## Exercise prompt
Output exactly the lines of the listing below that run from the line with "(Realism) ที่ช่วยให้เข้าใจมิติ โครงสร้าง" through the line with "厚さわずか0.7cmで、内胸ポケットにしまってもしっかりスタイルをキープできる。". No pictures.

## Input data
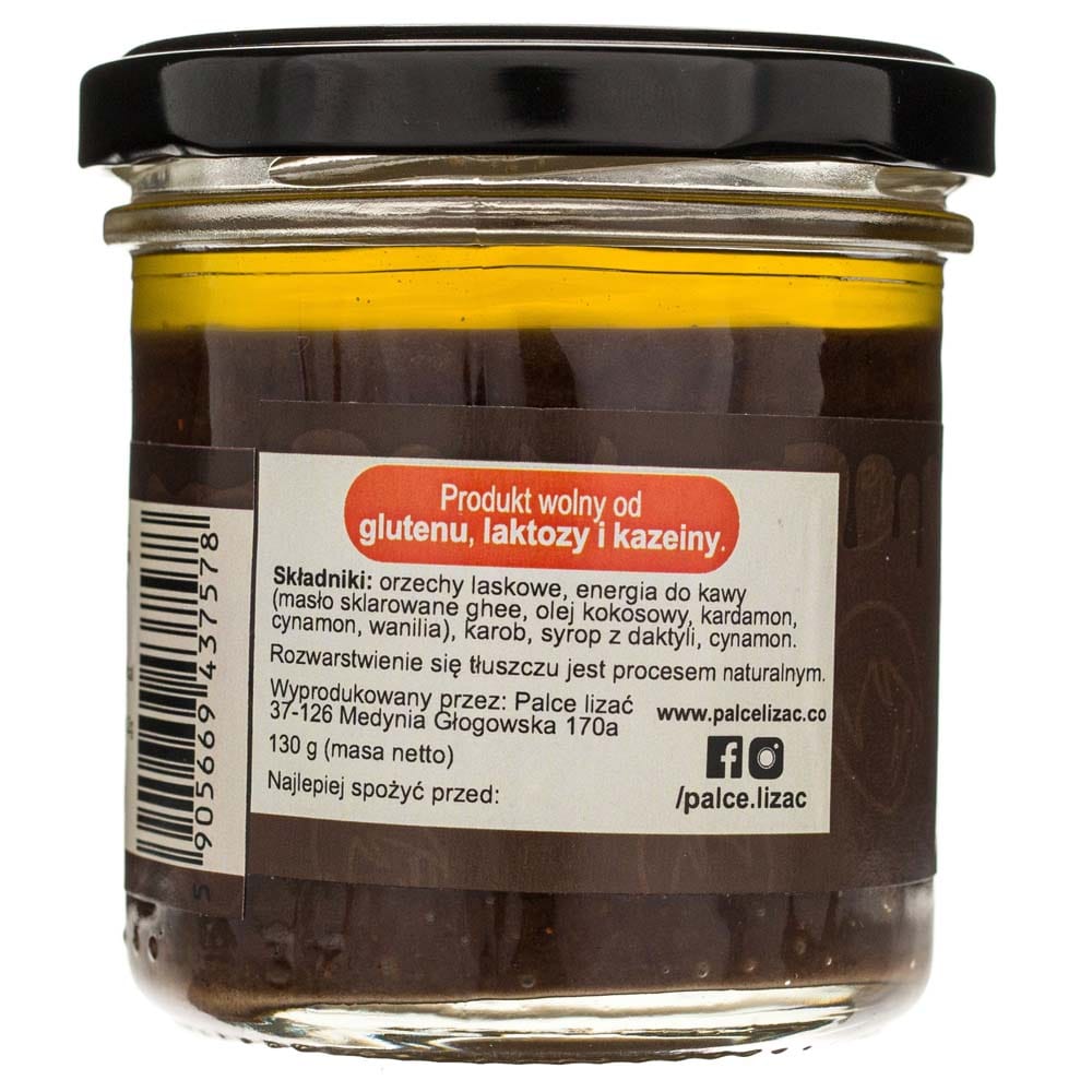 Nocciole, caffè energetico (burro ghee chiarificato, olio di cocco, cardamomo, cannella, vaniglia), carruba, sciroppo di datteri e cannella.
...
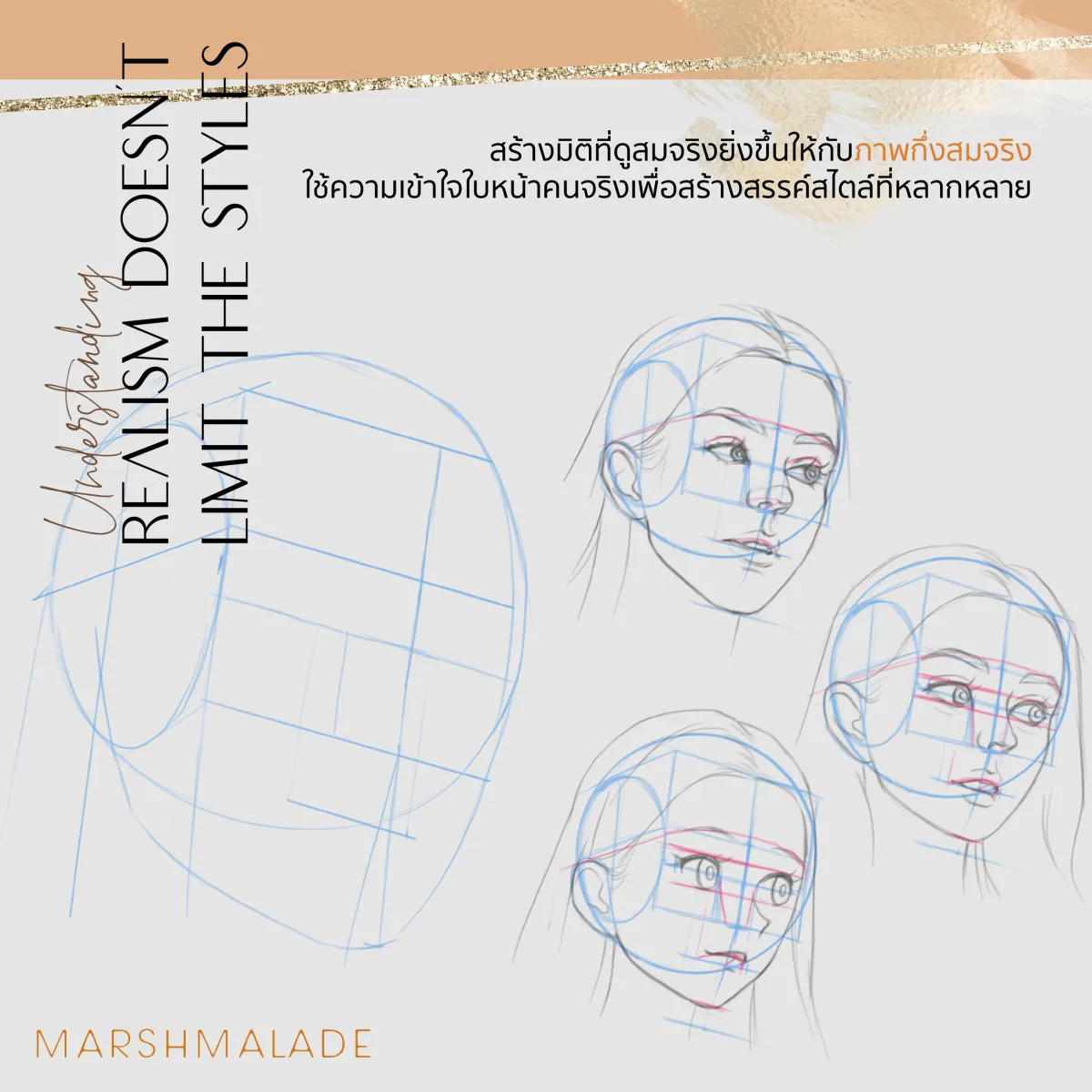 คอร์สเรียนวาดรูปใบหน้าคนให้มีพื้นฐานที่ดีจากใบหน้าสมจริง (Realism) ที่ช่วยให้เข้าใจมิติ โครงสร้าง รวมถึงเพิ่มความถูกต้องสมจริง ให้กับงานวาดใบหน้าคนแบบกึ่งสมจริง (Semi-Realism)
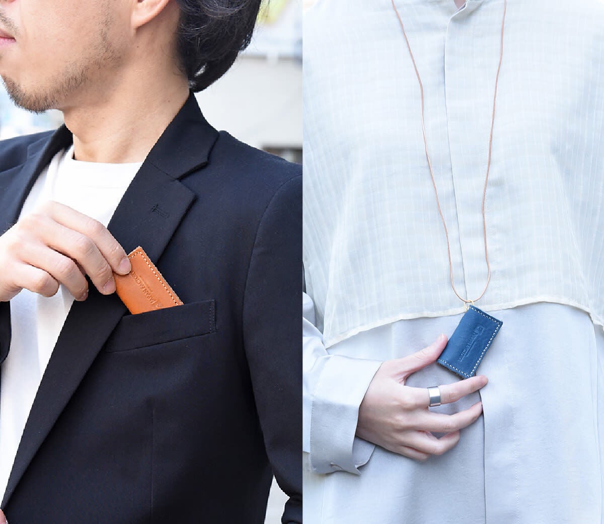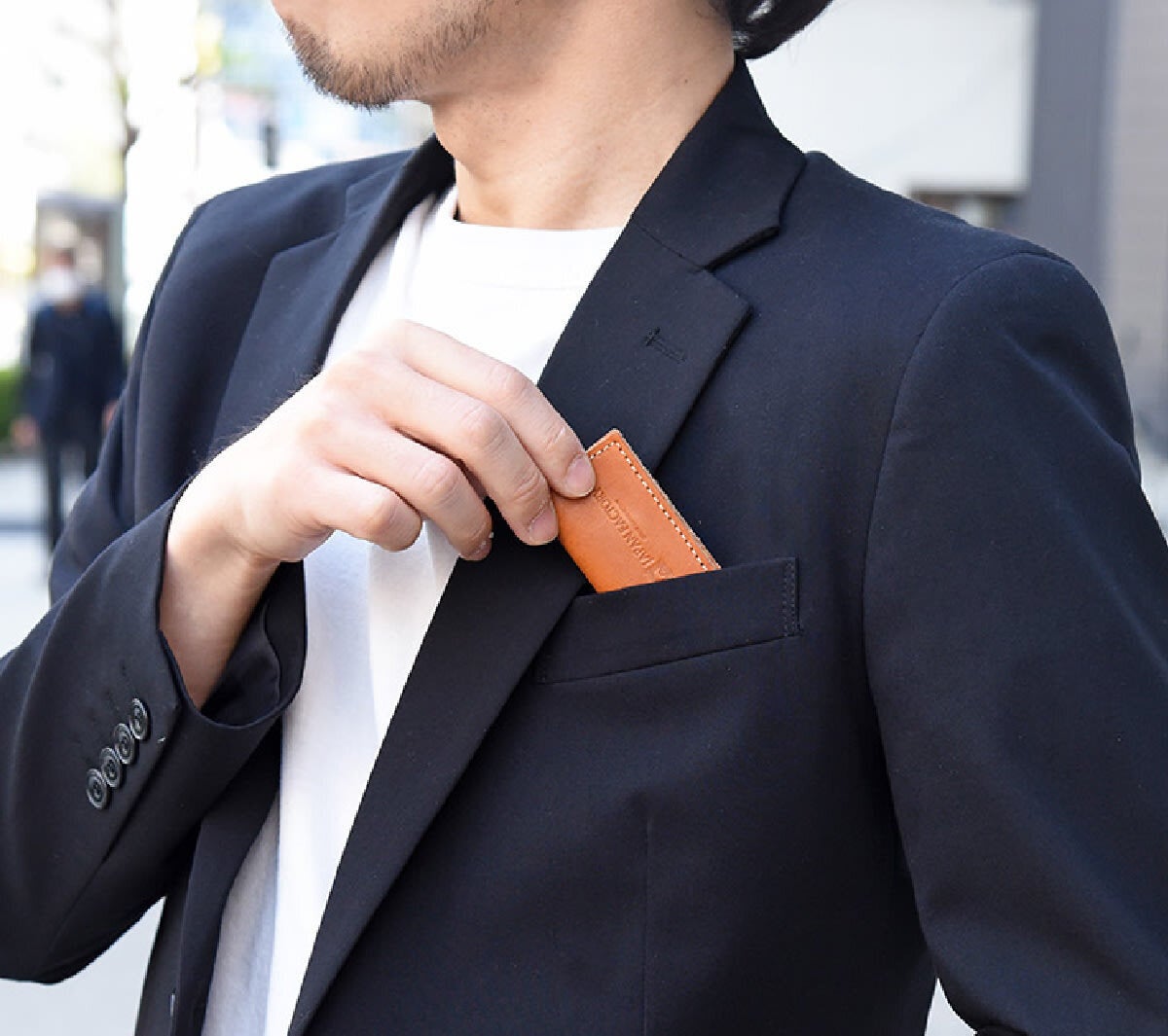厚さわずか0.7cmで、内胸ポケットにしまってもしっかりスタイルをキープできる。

## Output for this exercise
 คอร์สเรียนวาดรูปใบหน้าคนให้มีพื้นฐานที่ดีจากใบหน้าสมจริง (Realism) ที่ช่วยให้เข้าใจมิติ โครงสร้าง รวมถึงเพิ่มความถูกต้องสมจริง ให้กับงานวาดใบหน้าคนแบบกึ่งสมจริง (Semi-Realism)
厚さわずか0.7cmで、内胸ポケットにしまってもしっかりスタイルをキープできる。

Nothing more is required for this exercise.